In the conventional Kampo diagnosis, Kampo physicians subjectively diagnose patients based on experience. Therefore, the results of diagnosis differ depending on Kampo physician. In addition, differences between patients are not clear, because Kampo diagnosis has not been quantified in the past.

Kampo physician said that physicians judge the disease state based on various information such as walking, tone, and size of voice in case of face-to-face observation. On the other hand, it is diagnosed only by observing the region where the complexion or gloss appears on electrical display. These disease states can be diagnosed through electronic display depending on method of acquiring information. We assume that more accurate diagnosis can be done on electronic display by correcting facial images captured in various environment.

Table 1 shows that the MSE for blood stagnation (0.32) and yin deficiency (0.42) were the most accurate, and these were calculated using the 2-dimensional kernel function. The MSE of blood deficiency (0.52) was the most accurate, and was calculated using the linear and 2-dimensional kernel functions. Therefore, the most accurate estimates of all three disease states were produced with the 2-dimensional kernel function. In addition, we calculate the standard deviations of each disease states in case of 2-dimensional kernel function. The standard deviations are 0.56 (blood stagnation), 0.71 (blood deficiency), and 0.64 (yin deficiency).

We used an evaluation score range of 1 (no disease state)–5 (severe disease state) with increments of (1) based on this evaluation criteria; the values adjacent are highly relevant. For example, we assume that it is little problem to estimate three when the correct value is (2) we considered that values adjacent to the estimated score represented sufficient accuracy of estimation. As mentioned above, the findings showed that the estimates of the evaluation scores were accurate, because the MSE and the standard deviations were lower than 1.0 and most of the estimated error was within the range of 1.0, as shown in Fig. 11.

We ranked and selected effective feature values using an individual optimization method. We calculated the MSE using the top 15 selected feature values. The resultant accuracy after feature selection was slightly better than the original accuracy prior to feature selection. Hemoglobin was the most important feature for blood stagnation and blood deficiency diagnosis, and gloss was the most important feature for yin deficiency diagnosis. The most effective feature value was the range of hemoglobin in the forehead for blood stagnation and blood deficiency and the standard deviation of gloss below the right eye for yin deficiency. The forehead is an important area for Kampo facial diagnosis of the disease states of blood stagnation and blood deficiency, because the dermis of this region is thin. The range which is difference between the maximum and the minimum affects the appearance of blood. In other words, the larger the difference in hemoglobin amount is, the clearer the appearance of blood becomes.

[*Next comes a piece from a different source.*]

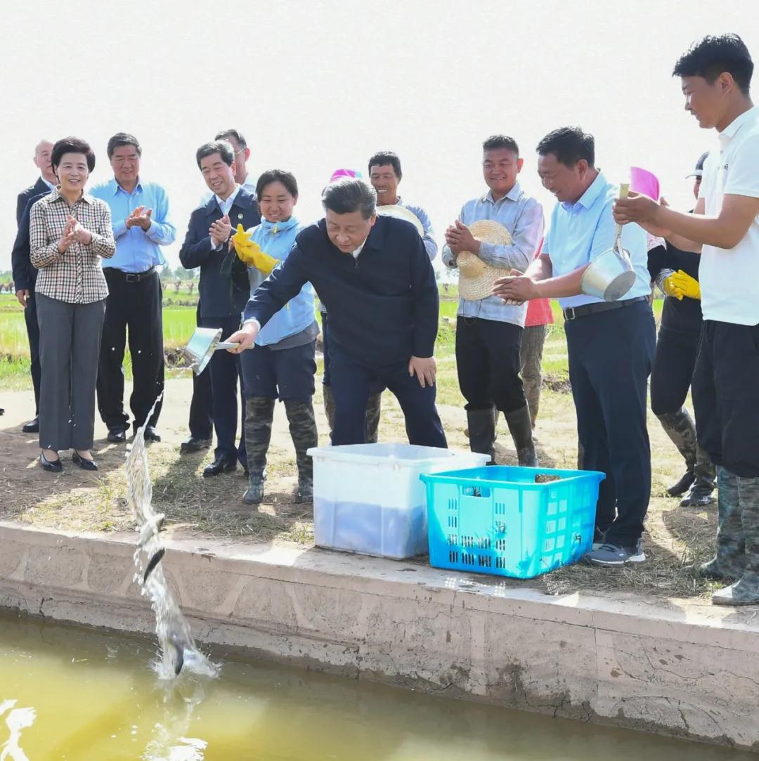 在黄河水滋养下,宁夏平原土地肥沃、物产丰富,素有“塞上江南”之称。9日下午,习近平来到银川市贺兰县稻渔空间乡村生态观光园,听取宁夏现代农业发展、农业合作社带动农民增收致富运营模式等情况汇报,观看宁夏特色农产品展示,了解稻渔种养业融合发展的创新做法。习近平登上观景塔,俯瞰园区全貌。微风轻拂,秧苗摇曳,一派生机勃勃。他沿着田埂走进稻田,同正在劳作的村民们亲切交谈。村民们告诉总书记,现在有土地流转费、劳务费,还有年底分红,收入提高了,也有保障了。正值放鱼时节,习近平舀起鱼苗、蟹苗,放进田边水渠。习近平强调,发展现代特色农业和文化旅游业,必须贯彻以人民为中心的发展思想,突出农民主体地位,把保障农民利益放在第一位。要探索建立更加有效、更加长效的利益联结机制,确保乡亲们持续获益。要注意解决好稻水矛盾,采用节水技术,积极发展节水型、高附加值的种养业,保护好黄河水资源。目前,疫情防控形势稳步向好,要继续抓好常态化疫情防控,加快恢复社会生产生活正常秩序。

The facial regions in which gloss is most evident were selected for yin deficiency. We assume that the larger the value variation, the larger the glossy range is. Therefore, the gloss looks outstanding. We concluded that our findings were in accord with the knowledge made by a Kampo medicine.

6 Conclusion and future work

In this study, we estimated the severity of disease states using facial images captured using an RGB camera. We concluded that physician evaluation scores could be accurately estimated by the system, as the MSE was close to zero. We ranked effective feature values using feature selection and the system estimates of disease states were in accord with the perceptions of the Kampo doctor.

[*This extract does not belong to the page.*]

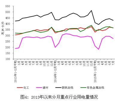 1-7月份,化學原料制品、非金屬礦物制品、黑色金屬冶煉、有色金屬冶煉四大高載能行業用電量合計9624億千瓦時,同比下降 2.0%,增速同比回落6.7個百分點;合計用電量占全社會用電量的比重為30.4%,對全社會用電量增長的貢獻率為-74.2%。其中,化工行業用電量2435億千瓦時,同比增長2.3%,增速同比回落2.9個百分點;建材行業用電量1738億千瓦時,同比下降6.7%,增速同比回落15.4個百分點;黑色金屬冶煉行業用電量2943億千瓦時,同比下降7.4%;增速同比回落9.6個百分點;有色金屬冶煉行業2508億千瓦時,同比增長4.6%,增速與去年持平。

We asked the Kampo doctor to evaluate images generated from only seven facial images, and facial images were taken under strictly controlled lighting conditions. In future studies, we plan to increase the number of original facial images of patients to verify how many original faces are needed to create the system, and to create a system that can be used under more common lighting conditions. We would also like to automate the process of capturing facial images to diagnose disease states.